Eng_Omar_Mohamed omarmohammed271

👋 Hi, I'm Omar Mohammed

Senior Data Engineer | Real-Time & Batch Data Architect

Passionate about building scalable data pipelines using Spark, Kafka, and modern data platforms.
Experienced in both cloud-native architectures (AWS, Azure) and on-premise systems.
Strong believer in the power of clean code, observability, and data quality.
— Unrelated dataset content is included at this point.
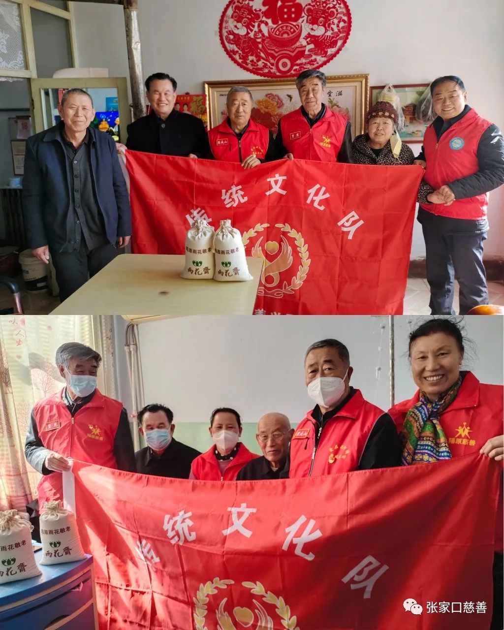 为了响应张家口慈善义工联合会党委的学雷锋月倡议,第十七党支部书记贾宪带领传统文化队和雷锋理发队部分党员和志愿者,从3月18日开始,利用四个上午的时间,先后看望92岁老军人杨直峰、90岁老党员张桂莲、88岁老教师徐老师、92岁王老妈妈、86岁老干部孙老夫妇等34户老人,送去了去年大家在雨花公益田里种植的小米和黑豆,以及满满的愛。

Design and develop ETL and ELT pipelines (batch + streaming).
Implement data lakehouse architectures (Bronze / Silver / Gold stages).
Build real-time processing systems using Spark Structured Streaming & Kafka.
Automate workflows and scheduling with Airflow.
Optimize analytics databases (e.g. ClickHouse) for fast query performance.
Create CI/CD pipelines for data solutions (using GitHub Actions or similar).

Domain	Technologies
Data Processing	PySpark, Spark SQL, Delta Lake
Streaming	Apache Kafka, Spark Structured Streaming
Workflow Orchestration	Apache Airflow
Data Storage	S3 / ADLS, Delta / Parquet
Analytics	ClickHouse, PostgreSQL
Cloud	AWS, Azure
CI / CD	GitHub Actions
Languages	Python, SQL

Here are some of my key repositories (feel free to click and explore):

[Real-Time Processing Pipeline] — A Kafka → Spark Streaming system with schema validation and data quality checks.
[Lakehouse Architecture Demo] — Multi-layer (Bronze / Silver / Gold) data lakehouse built with Delta Lake.
[Airflow Data Workflows] — End-to-end DAGs for ingestion, transformation, and orchestration.
[Analytics in ClickHouse] — Setup for real-time analytics using ClickHouse materialized views.
[CI/CD for Data Jobs] — GitHub Actions to test, build, and deploy data workloads.

I love optimizing pipelines — every millisecond matters.
Outside work: I enjoy reading about distributed systems and data infrastructure.
Lifelong learner: currently exploring feature stores and ML data platforms.